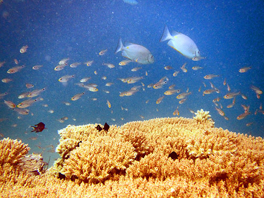 Fishes, and even sharks, are easily frightened with sudden movements and bubbles. Be patient and hold your breath for a few seconds to stabilise your shot, or try to stay at the seabed if the depth is not too deep.
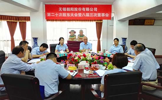 無錫朝陽股份有限公司第二十次股東大會暨八屆三次董事會于2016年7月8日在錫澄大廈五樓會議室隆重召開。會議由董事長張海良先生主持。 會議審議通過了《行政工作報告》、《財務工作報告》、《關于公司2014-2015年度利潤分配方案》、《監事會工作報告》、《關于修改公司章程的議案》、《關于繼續從稅后利潤中提取獎勵基金實施激勵的議案》、《關于確認吸收合并子公司無錫朝陽農產品大市場有限公司的議案》。 會議同意翟凌因工作需要提出辭去財務部長的請求,決定聘任錢浩淵為公司財務部長。 會議同意公司2016年度經營目標。 會議相信在董事會的正確領導下,在公司全體干部職工的共同努力下,朝陽股份公司將高舉菜籃子大旗,緊緊圍繞隊伍建設和現代化品牌市場建設的目標要求,細化和落實五年計劃,勇往直前,為打造“百年朝陽”而不懈努力!
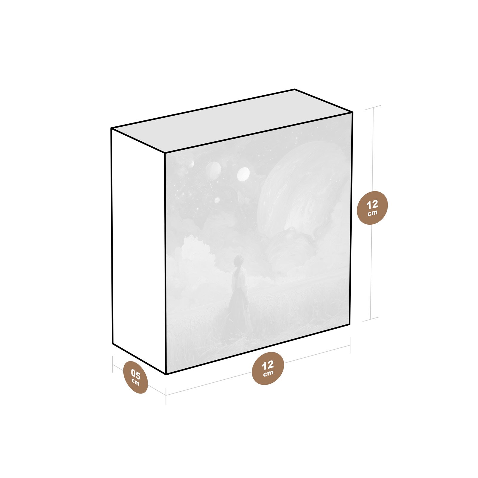 - Dimensões: 12 cm (largura) x 12 cm (altura) x 6 cm (profundidade);
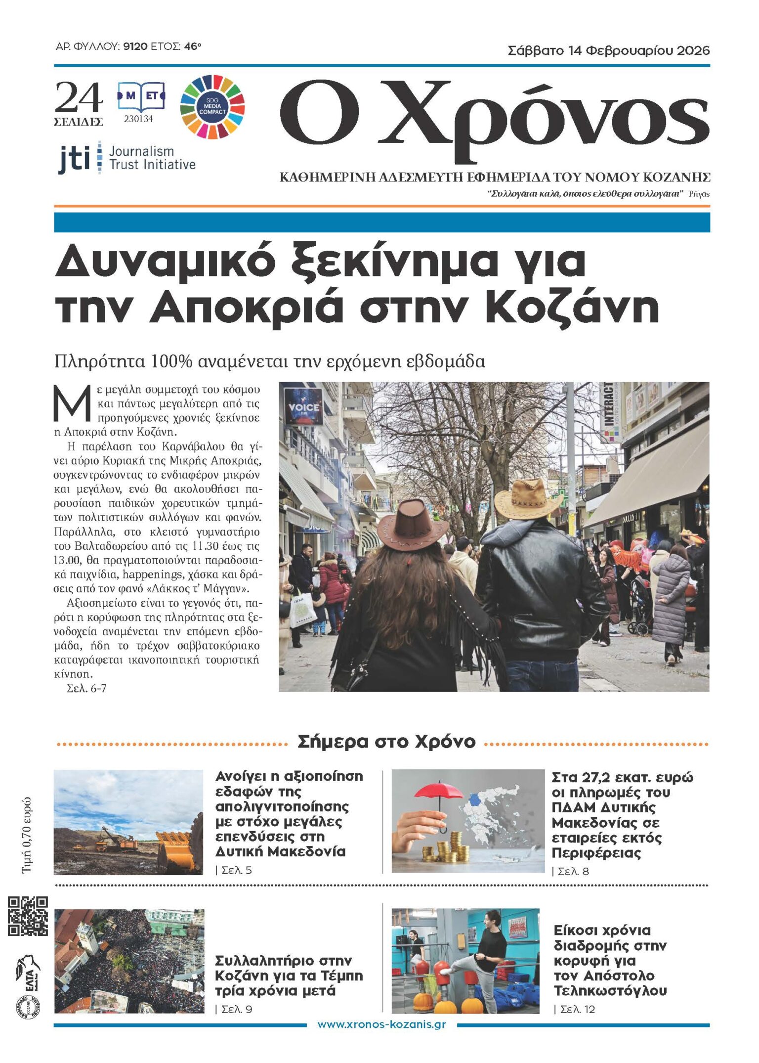 Πρωτοσέλιδο Σαββάτου 14 Φεβρουαρίου 2026 Τελευταία ενημέρωση: 13 Φεβρουαρίου 2026 23:36 από Χρόνος Κοζάνης Share SHARE ΕΤΙΚΕΤΕΣ:εφημερίδαΟ Χρόνος Κοζάνηςπρωτοσέλιδο Μοιραστείτε την είδηση Facebook Twitter Αντιγραφή συνδέσμου Εκτύπωση ΡΟΗ ΕΙΔΗΣΕΩΝ Πρωτοσέλιδο Σαββάτου 14 Φεβρουαρίου 2026 Ο Ε.Ο.Σ. Κοζάνης διοργανώνει την Κυριακή ορειβατική ανάβαση στην κορυφή Δοκίμι Η Μετάβαση Μ.Α.Ε. ξεκινά τη διαδικασία υποβολής αιτημάτων για μακροχρόνια μίσθωση εκτάσεων στην Περιφέρεια Δυτικής Μακεδονίας Οι βιβλιοπροτάσεις της εβδομάδας από τη «Στοά του βιβλίου» Χρυσό βραβείο για το δίκτυο αγρομετεωρολογικών σταθμών της Π.Ε. Καστοριάς Πρώτο βραβείο για το R4Schools του Δήμου Κοζάνης στην ανακύκλωση στα σχολεία Μαθητές του 2ου ΕΠΑΛ Κοζάνης σε κινητικότητα Erasmus+ στη Λεμεσό Ξεκινά η μελέτη για την ολοκλήρωση των μνημείων «Ακρίτας» και «Μνημείο Μνήμης» σε Νέα Χαραυγή και Σκήτη Άδειαζε τα παγκάρια Ιερού Ναού στην Κοζάνη και συνελήφθη για τρεις κλοπές Στα 27,2 εκατ. ευρώ οι πληρωμές του ΠΔΑΜ Δυτικής Μακεδονίας σε εταιρείες εκτός Περιφέρειας
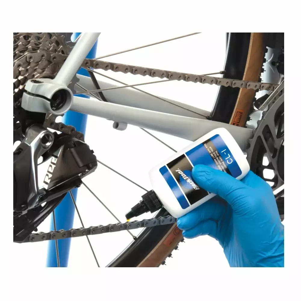 The blend chain lube CL-1 from Park Tool is a synthetic lube for dry and wet conditions. The lube contains PTFE and works excellent with cables, spoke nibbles and derailleur. The CL-1 reduces friction, prolongs component life and protect parts from corrosion and rust.
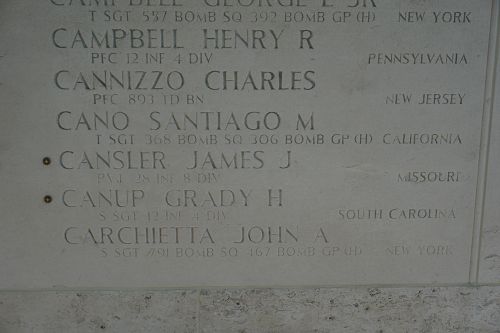 S/Sgt Canup’s name is recorded on the Walls of the Missing at Netherlands American Cemetery. A rosette is placed next to his name to indicate he has been accounted for.
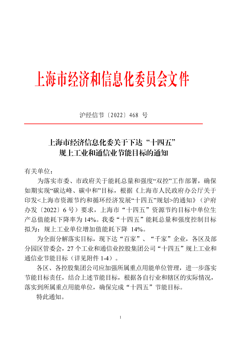 为全面分解落实目标,现下达“百家”、“千家”企业,各区及部分园区管委会,27个工业和通信业控股集团公司“十四五”规上工业和通信业节能目标(详见附件1-4)。
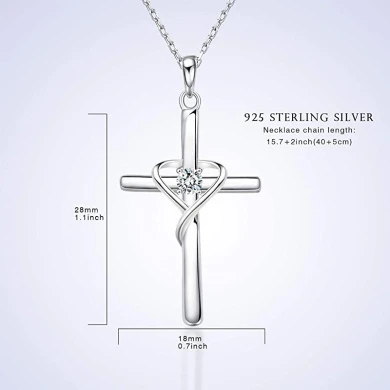 AmorAime 925 Sterling Silver Cross Necklace For Women Birthstone Necklace For Girls Birthstone Jewellery Gifts For Christmas,Birthday Or Anniversary

Work instruction: What's needed is every line above, retyped exactly and free of pictures.

Answer:
 Fishes, and even sharks, are easily frightened with sudden movements and bubbles. Be patient and hold your breath for a few seconds to stabilise your shot, or try to stay at the seabed if the depth is not too deep.
 無錫朝陽股份有限公司第二十次股東大會暨八屆三次董事會于2016年7月8日在錫澄大廈五樓會議室隆重召開。會議由董事長張海良先生主持。 會議審議通過了《行政工作報告》、《財務工作報告》、《關于公司2014-2015年度利潤分配方案》、《監事會工作報告》、《關于修改公司章程的議案》、《關于繼續從稅后利潤中提取獎勵基金實施激勵的議案》、《關于確認吸收合并子公司無錫朝陽農產品大市場有限公司的議案》。 會議同意翟凌因工作需要提出辭去財務部長的請求,決定聘任錢浩淵為公司財務部長。 會議同意公司2016年度經營目標。 會議相信在董事會的正確領導下,在公司全體干部職工的共同努力下,朝陽股份公司將高舉菜籃子大旗,緊緊圍繞隊伍建設和現代化品牌市場建設的目標要求,細化和落實五年計劃,勇往直前,為打造“百年朝陽”而不懈努力!
 - Dimensões: 12 cm (largura) x 12 cm (altura) x 6 cm (profundidade);
 Πρωτοσέλιδο Σαββάτου 14 Φεβρουαρίου 2026 Τελευταία ενημέρωση: 13 Φεβρουαρίου 2026 23:36 από Χρόνος Κοζάνης Share SHARE ΕΤΙΚΕΤΕΣ:εφημερίδαΟ Χρόνος Κοζάνηςπρωτοσέλιδο Μοιραστείτε την είδηση Facebook Twitter Αντιγραφή συνδέσμου Εκτύπωση ΡΟΗ ΕΙΔΗΣΕΩΝ Πρωτοσέλιδο Σαββάτου 14 Φεβρουαρίου 2026 Ο Ε.Ο.Σ. Κοζάνης διοργανώνει την Κυριακή ορειβατική ανάβαση στην κορυφή Δοκίμι Η Μετάβαση Μ.Α.Ε. ξεκινά τη διαδικασία υποβολής αιτημάτων για μακροχρόνια μίσθωση εκτάσεων στην Περιφέρεια Δυτικής Μακεδονίας Οι βιβλιοπροτάσεις της εβδομάδας από τη «Στοά του βιβλίου» Χρυσό βραβείο για το δίκτυο αγρομετεωρολογικών σταθμών της Π.Ε. Καστοριάς Πρώτο βραβείο για το R4Schools του Δήμου Κοζάνης στην ανακύκλωση στα σχολεία Μαθητές του 2ου ΕΠΑΛ Κοζάνης σε κινητικότητα Erasmus+ στη Λεμεσό Ξεκινά η μελέτη για την ολοκλήρωση των μνημείων «Ακρίτας» και «Μνημείο Μνήμης» σε Νέα Χαραυγή και Σκήτη Άδειαζε τα παγκάρια Ιερού Ναού στην Κοζάνη και συνελήφθη για τρεις κλοπές Στα 27,2 εκατ. ευρώ οι πληρωμές του ΠΔΑΜ Δυτικής Μακεδονίας σε εταιρείες εκτός Περιφέρειας
 The blend chain lube CL-1 from Park Tool is a synthetic lube for dry and wet conditions. The lube contains PTFE and works excellent with cables, spoke nibbles and derailleur. The CL-1 reduces friction, prolongs component life and protect parts from corrosion and rust.
 S/Sgt Canup’s name is recorded on the Walls of the Missing at Netherlands American Cemetery. A rosette is placed next to his name to indicate he has been accounted for.
 为全面分解落实目标,现下达“百家”、“千家”企业,各区及部分园区管委会,27个工业和通信业控股集团公司“十四五”规上工业和通信业节能目标(详见附件1-4)。
 AmorAime 925 Sterling Silver Cross Necklace For Women Birthstone Necklace For Girls Birthstone Jewellery Gifts For Christmas,Birthday Or Anniversary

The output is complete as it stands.